* **WHAT THE TASK ASKS**
Take the line that contains "2) Diehl Charles, Theodora" and each line after it to the end of the data below, and set them down exactly, omitting pictures.

-----

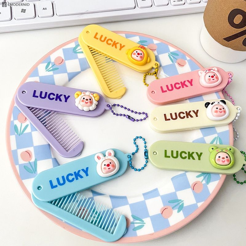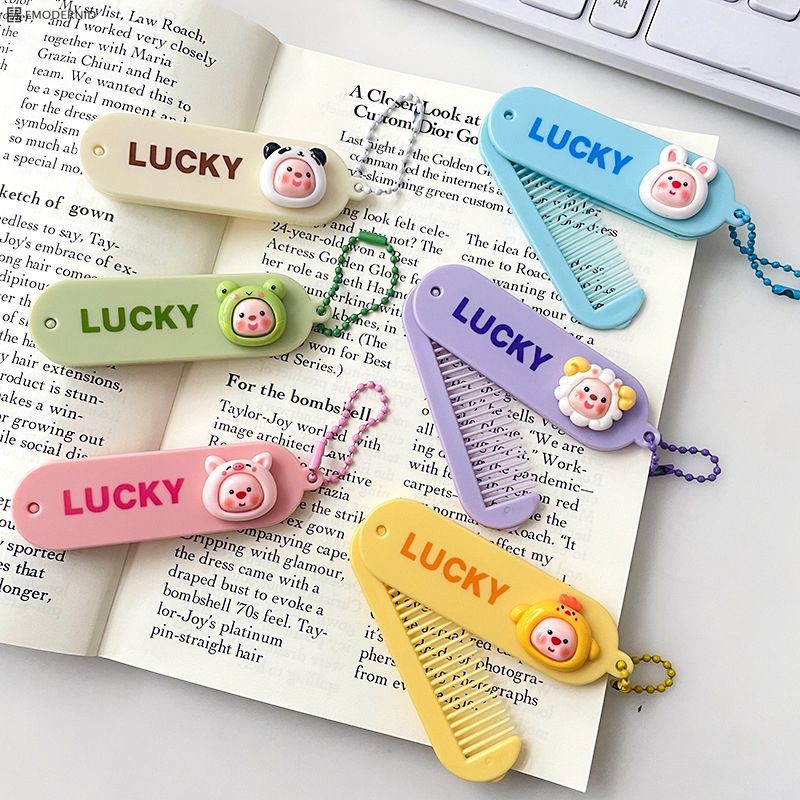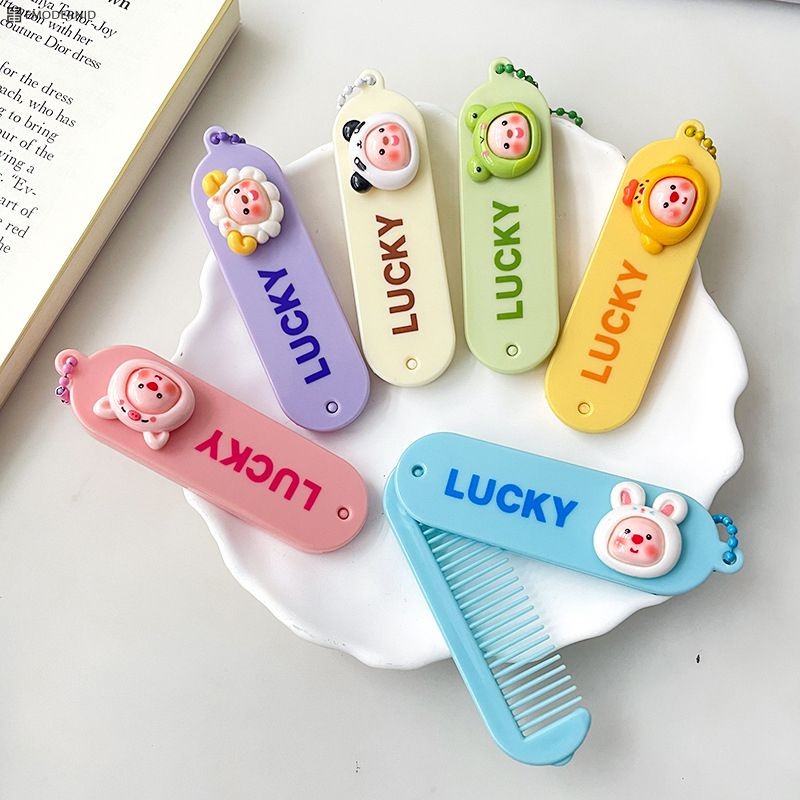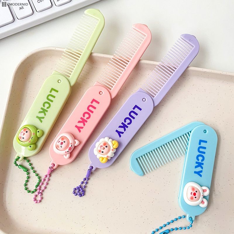 “น่ารักการ์ตูนสัตว์พับหวีผู้หญิงบ้านหวีผมนักเรียนหวีขนาดเล็กพกพา
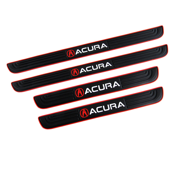 Acura Set Car Door Scuff Sill Rubber Cover Panel Step 4PCS Red Border Protector with Seat Belt Covers
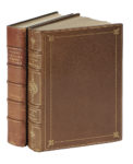 2) Diehl Charles, Theodora Imperatrice de Byzance [...] Illustrations de Manuel Orazi. Paris : Piazza, [1904], n. 280 di 300 copie, testo incorniciato e illustrazioni a colori, in marocchino giansenista verde scuro firmato Durvand-Pinard (dorso sbiadito), contropiatti riquadrati da filetti dorati, sguardie in seta moirée verde scuro, conservate le brossure originali. (2)
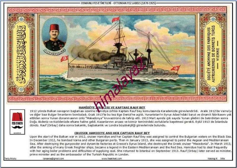 Fes Etiket Panosu, Türkçe ve İngilizce, HAMİDİYE ZIRHLISI VE KAPTANI RAUF BEY konulu başlıklı antika/koleksiyon objesinin menşei belirtilmemiştir. Objenin ait olduğu dönem bilinmeketedir.
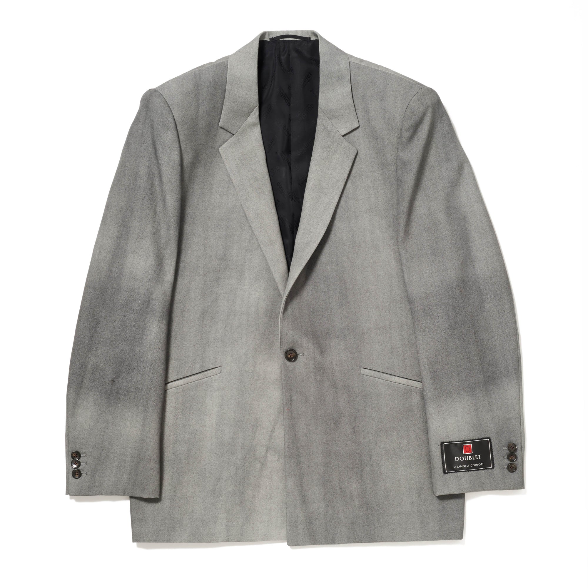 スプレーで染色し、色ムラの表情をあえて残した生地を使用したテーラードジャケット。シングルブレストの端正なシルエットに、背中の継ぎ目のない仕様がさりげなく個性を添えています。
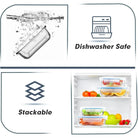 Crafted from high-quality borosilicate glass, these containers are oven, freezer, microwave, and dishwasher safe. Please remove lids when using in the oven, microwave, or dishwasher.
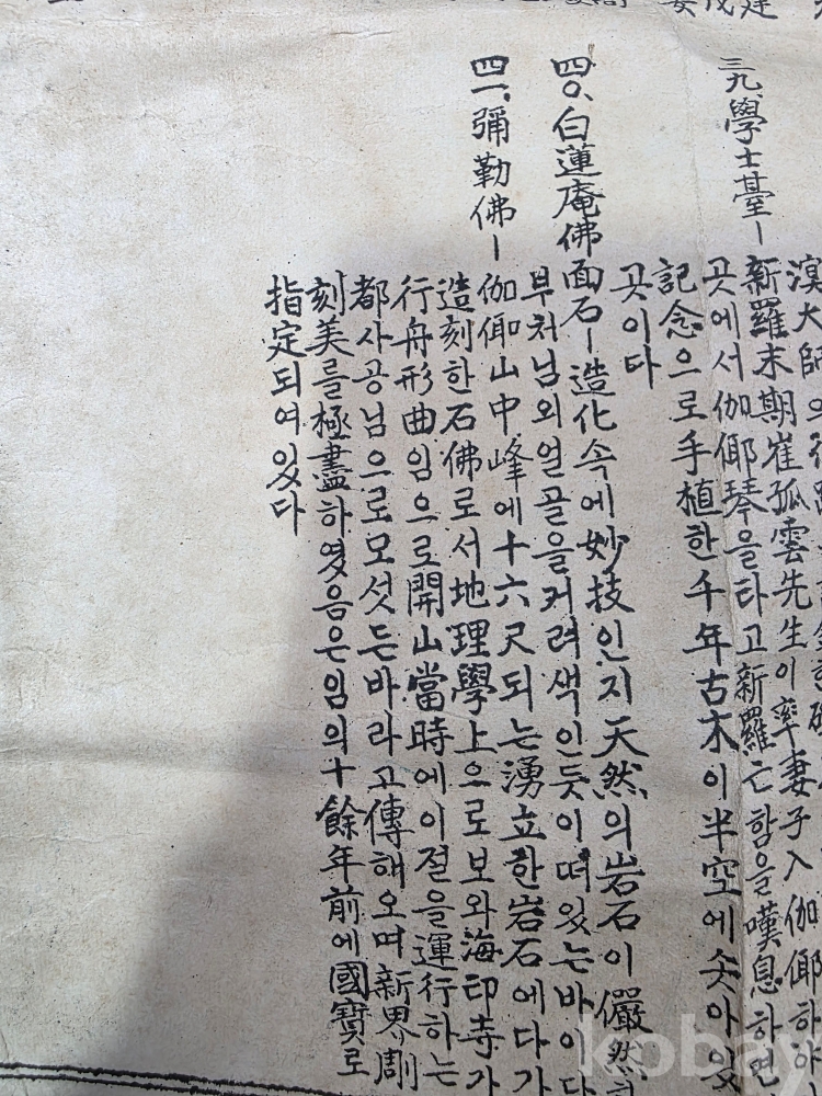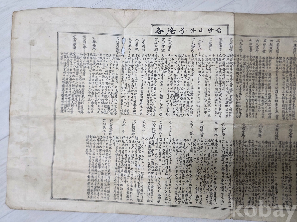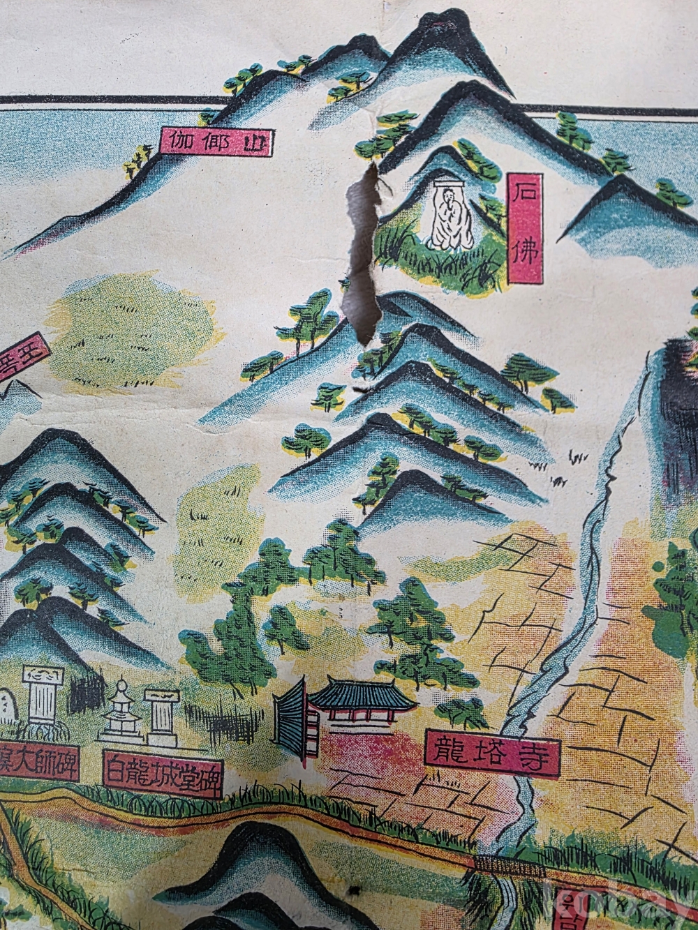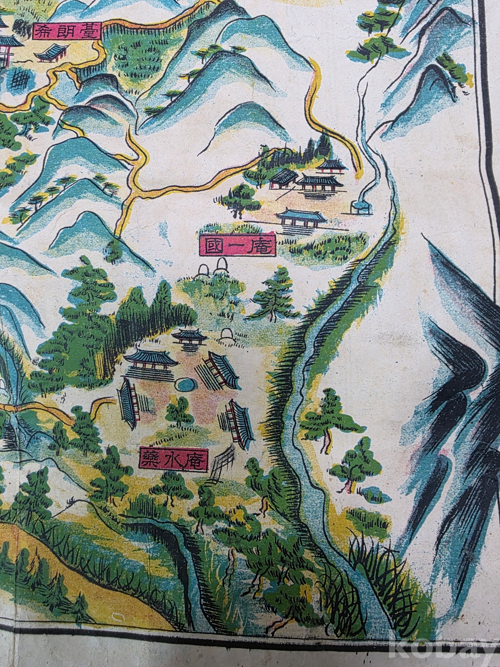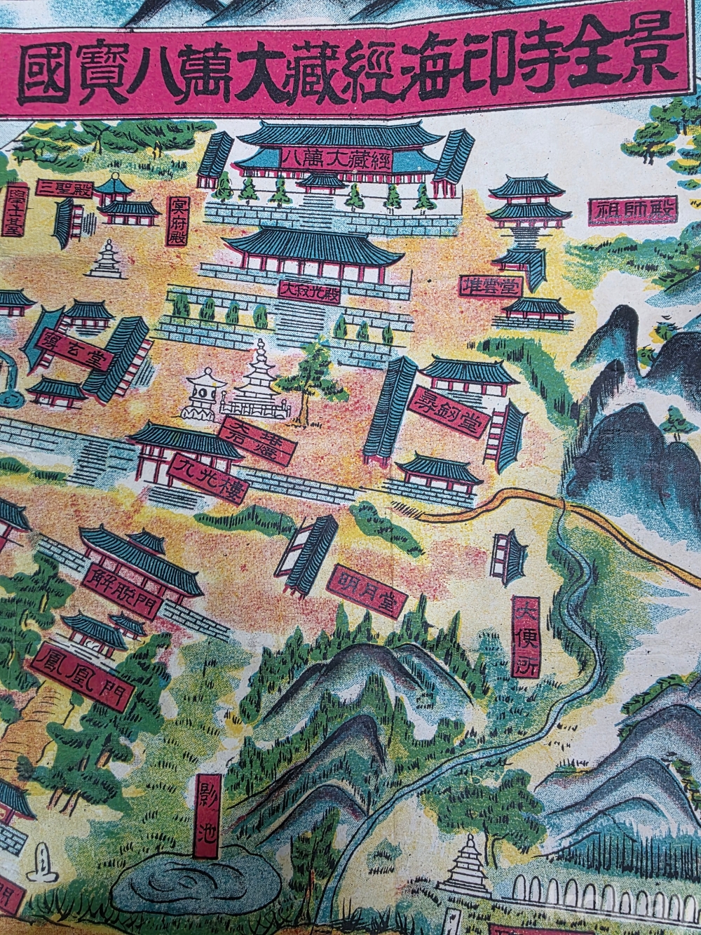 당시 각 암자를 소개하는 글이 상세히 기록되어 있고 뒷면에는 컬러로 가야산을 그리고 또한 백련암을 그림과 함께 잘 그려져 있는바. 근대사찰 안내도로서는 수준급임

-----

* **RESULT**
 2) Diehl Charles, Theodora Imperatrice de Byzance [...] Illustrations de Manuel Orazi. Paris : Piazza, [1904], n. 280 di 300 copie, testo incorniciato e illustrazioni a colori, in marocchino giansenista verde scuro firmato Durvand-Pinard (dorso sbiadito), contropiatti riquadrati da filetti dorati, sguardie in seta moirée verde scuro, conservate le brossure originali. (2)
 Fes Etiket Panosu, Türkçe ve İngilizce, HAMİDİYE ZIRHLISI VE KAPTANI RAUF BEY konulu başlıklı antika/koleksiyon objesinin menşei belirtilmemiştir. Objenin ait olduğu dönem bilinmeketedir.
 スプレーで染色し、色ムラの表情をあえて残した生地を使用したテーラードジャケット。シングルブレストの端正なシルエットに、背中の継ぎ目のない仕様がさりげなく個性を添えています。
 Crafted from high-quality borosilicate glass, these containers are oven, freezer, microwave, and dishwasher safe. Please remove lids when using in the oven, microwave, or dishwasher.
 당시 각 암자를 소개하는 글이 상세히 기록되어 있고 뒷면에는 컬러로 가야산을 그리고 또한 백련암을 그림과 함께 잘 그려져 있는바. 근대사찰 안내도로서는 수준급임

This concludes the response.